Per contro gli esiti della gara hanno confermato la larga superiorità del trainer italiano anche rispetto a quest’ultimo concorrente; quello che ha fatto premio per il successo è stato solo il prezzo, largamente inferiore, dell’addestratore Saab-Boeing.
Soddisfazione non da poco per una qualunque aviazione militare quella di addestrarsi nei cieli in inviluppi di volo ad altissime prestazioni con un caccia più performante di quello in dotazione all’aeronautica degli Stati Uniti.

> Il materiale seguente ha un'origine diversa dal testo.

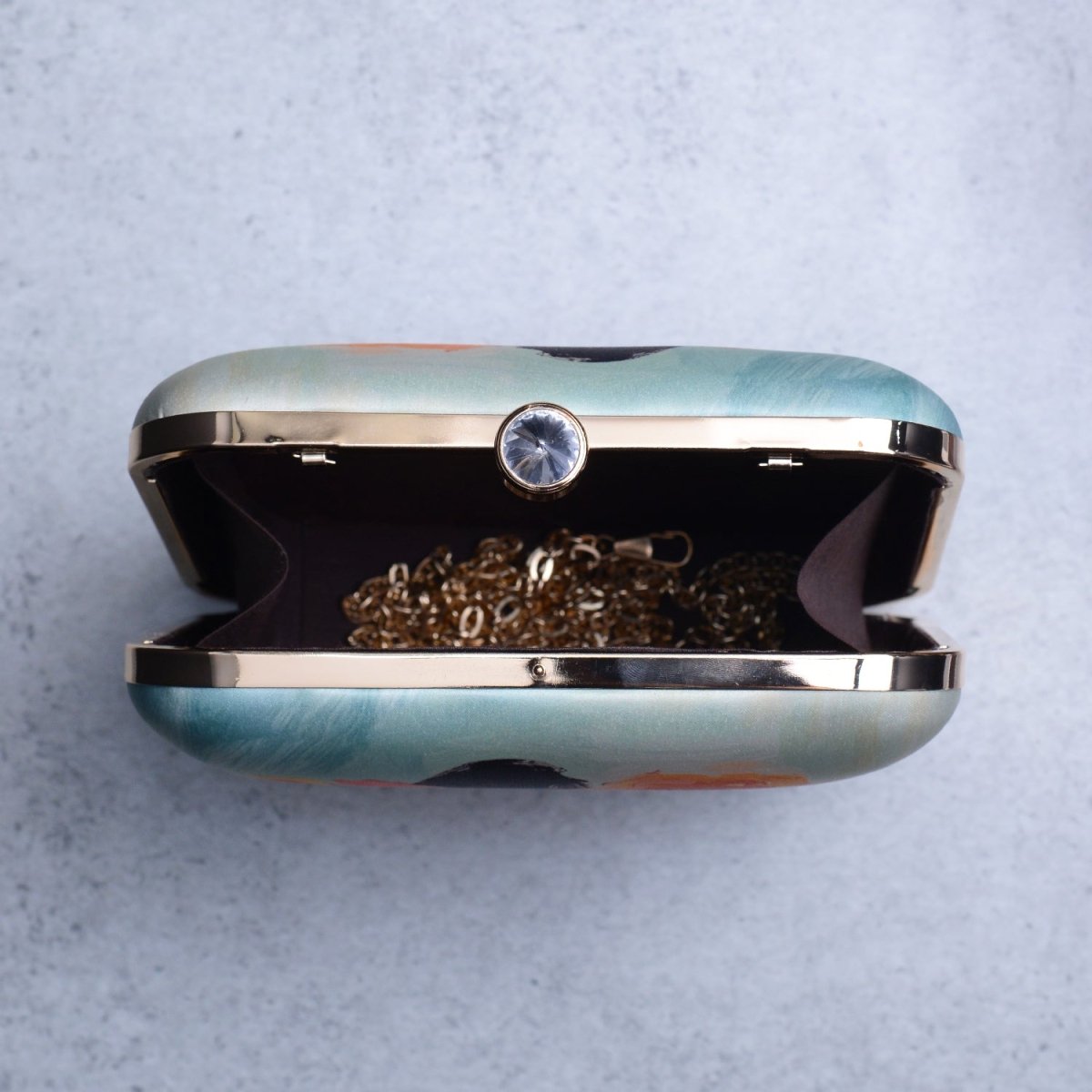 Artklim Light Blue Based Floral Girl Portrait Printed Clutch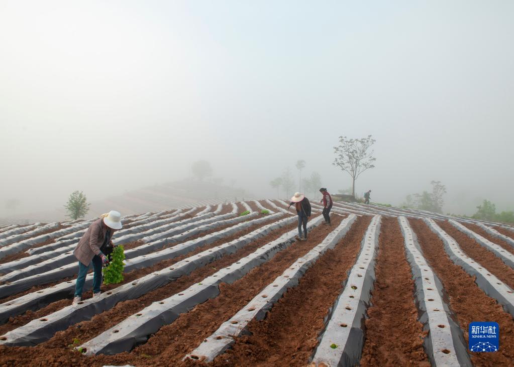 4月26日,漢中市略陽(yáng)縣郭鎮譚家莊村農民在田間勞作。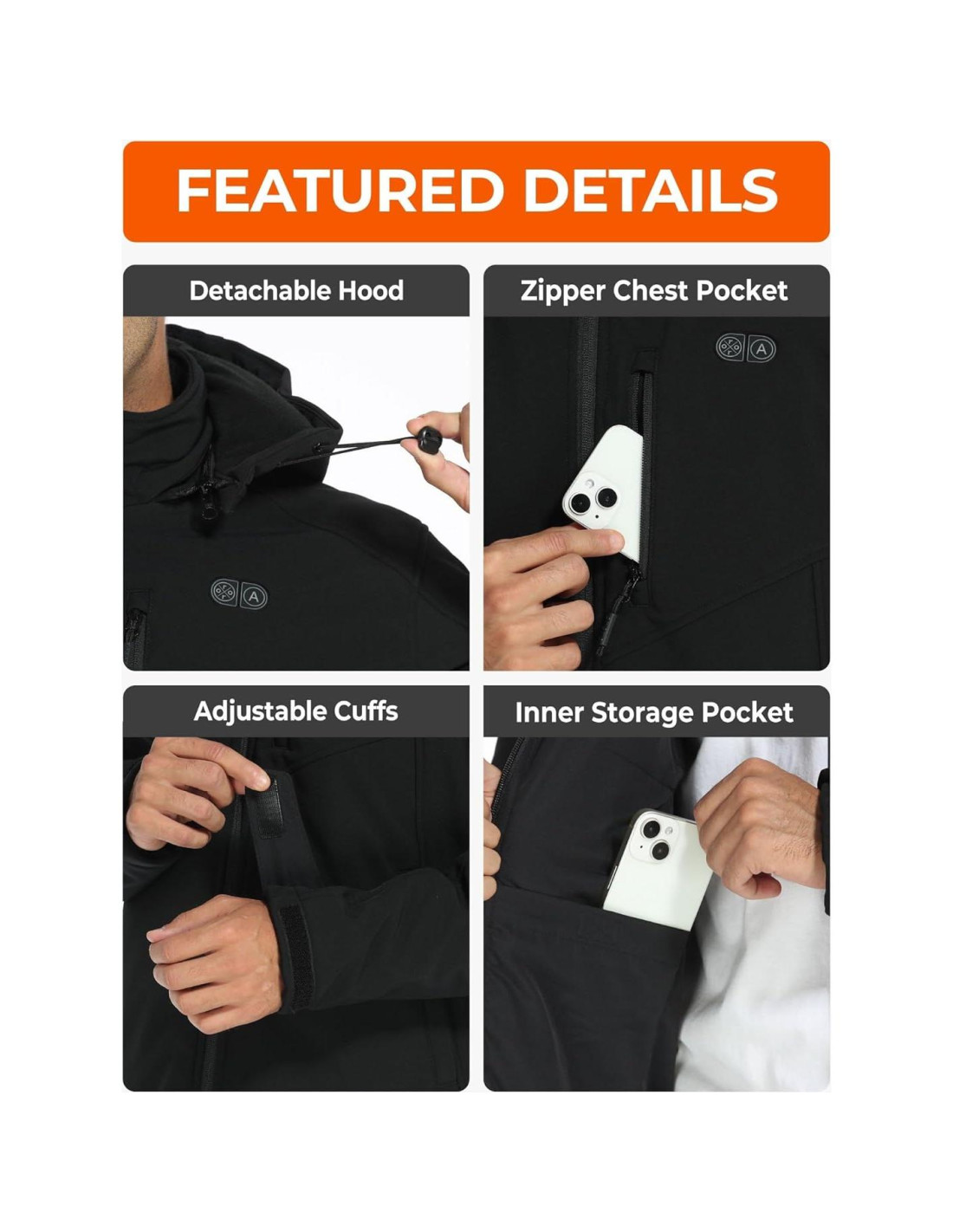 Mantente caliente con nuestra chaqueta de shell calefaccionada, que cuenta con un sistema de calefacción de doble control y capucha desmontable. El calor dirigido incluye calefacción dedicada en los brazos y zonas adicionales en el pecho izquierdo y derecho y la parte superior de la espalda. Ideal para actividades al aire libre como senderismo, camping y ciclismo, esta chaqueta asegura comodidad personalizable en cualquier clima, manteniéndote activo y caliente. Te protege de la lluvia ligera y las salpicaduras, previniendo la pérdida de calor y manteniendo la comodidad y transpirabilidad. La capucha desmontable ofrece cobertura y estilo flexibles. Acceso rápido a llaves, tarjetas y pequeños objetos con el bolsillo en el pecho con cremallera. Dos bolsillos de mano con cremallera te permiten almacenar y acceder fácilmente a tus pertenencias mientras estás en movimiento. Dobladillo ajustable con cordón para asegurar un ajuste ceñido, evitando que los vientos fríos entren y proporcionando comodidad cálida.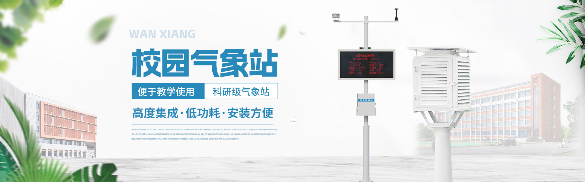 山東萬象環境科技有限公司官網主要產品有防爆氣象站,校園氣象站,農業氣象站,負氧離子監測站,超聲波氣象站,歡迎咨詢13276362033!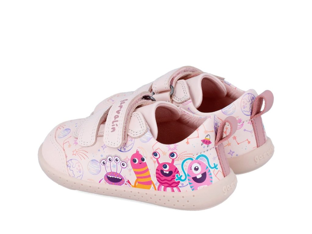 Garvalín 242324-A779 v dívčí růžové barvě s roztomilým motivem příšerek. Jsou velmi pohodlné z měkké hladké kůže a končí pod kotníkem. Vnitřek je z mikrovlákna, které působí jako kůže, a je velmi příjemné na omak, s vyjímatelnou stélkou. Na špičce boty je ochranná syntetická vrstva, aby boty více vydržely při dětském zakopávání.

C’è però un altro aspetto potenzialmente positivo, un’opportunità su cui industria e governo dovrebbero concentrarsi, un ultimo treno da prendere ora che si è appena messo in movimento. Come accennato, l’Aeronautica ha sempre creduto nelle capacità formative del 346, sopratutto se inserite in un contesto, quello italiano, in cui la formazione al volo ha le radici più antiche e profonde di qualunque altro paese. Con questa consapevolezza non ha mai cessato di proporsi a paesi amici ed alleati come centro internazionale di formazione avanzata, attirando l’interesse di numerose aeronautiche anche blasonate, e giungendo al punto, quello attuale, in cui la domanda formativa eccede largamente l’offerta della scuola di volo basata a Lecce. Siamo sulla soglia del salto definitivo di qualità, in questo caso dimensionale, per soddisfare la sempre maggiore domanda formativa sul tavolo e di quella che verrà ed accompagnare gli sforzi di crescita significativa della scuola di volo italiana.

Che almeno questa sfida riaggreghi intorno a un prodotto nazionale di eccellenza tutti coloro che oggi debbono fare mea colpa per la battaglia perduta negli Stati Uniti.